• **DATA EXCERPTS**

:::

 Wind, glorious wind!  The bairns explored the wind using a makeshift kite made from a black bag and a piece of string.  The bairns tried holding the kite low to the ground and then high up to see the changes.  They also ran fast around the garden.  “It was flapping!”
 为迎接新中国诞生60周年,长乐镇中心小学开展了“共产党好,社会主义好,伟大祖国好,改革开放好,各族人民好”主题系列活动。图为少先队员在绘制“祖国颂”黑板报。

:::

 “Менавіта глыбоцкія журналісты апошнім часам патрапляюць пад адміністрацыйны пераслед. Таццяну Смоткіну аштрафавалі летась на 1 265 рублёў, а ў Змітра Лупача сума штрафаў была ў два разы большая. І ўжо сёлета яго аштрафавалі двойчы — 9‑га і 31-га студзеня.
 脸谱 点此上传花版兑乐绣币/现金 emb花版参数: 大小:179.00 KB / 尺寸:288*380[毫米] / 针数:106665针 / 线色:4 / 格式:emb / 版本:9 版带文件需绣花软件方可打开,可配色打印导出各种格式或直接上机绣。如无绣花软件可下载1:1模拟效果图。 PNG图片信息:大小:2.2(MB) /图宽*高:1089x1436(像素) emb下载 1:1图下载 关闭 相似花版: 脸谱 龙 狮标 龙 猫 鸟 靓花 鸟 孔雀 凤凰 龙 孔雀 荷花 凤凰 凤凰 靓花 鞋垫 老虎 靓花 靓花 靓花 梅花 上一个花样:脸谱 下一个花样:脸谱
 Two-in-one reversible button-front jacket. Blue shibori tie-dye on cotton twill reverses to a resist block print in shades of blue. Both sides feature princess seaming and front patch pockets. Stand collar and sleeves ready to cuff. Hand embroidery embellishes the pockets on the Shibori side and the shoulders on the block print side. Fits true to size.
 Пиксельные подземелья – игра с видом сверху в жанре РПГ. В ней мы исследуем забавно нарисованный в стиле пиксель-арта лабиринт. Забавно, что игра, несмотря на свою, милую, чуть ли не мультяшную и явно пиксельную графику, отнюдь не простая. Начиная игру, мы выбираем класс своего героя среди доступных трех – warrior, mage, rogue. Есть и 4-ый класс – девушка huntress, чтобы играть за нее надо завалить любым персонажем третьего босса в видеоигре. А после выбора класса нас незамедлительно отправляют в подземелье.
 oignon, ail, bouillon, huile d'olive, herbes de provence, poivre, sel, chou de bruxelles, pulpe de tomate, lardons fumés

:::

• **WHAT THE TASK REQUIRES**
Please copy the lines in the records above between the one holding "Wind, glorious wind!  The" and the one holding "为迎接新中国诞生60周年,长", inclusive, exactly and with no other line.

• **TASK ANSWER**
 Wind, glorious wind!  The bairns explored the wind using a makeshift kite made from a black bag and a piece of string.  The bairns tried holding the kite low to the ground and then high up to see the changes.  They also ran fast around the garden.  “It was flapping!”
 为迎接新中国诞生60周年,长乐镇中心小学开展了“共产党好,社会主义好,伟大祖国好,改革开放好,各族人民好”主题系列活动。图为少先队员在绘制“祖国颂”黑板报。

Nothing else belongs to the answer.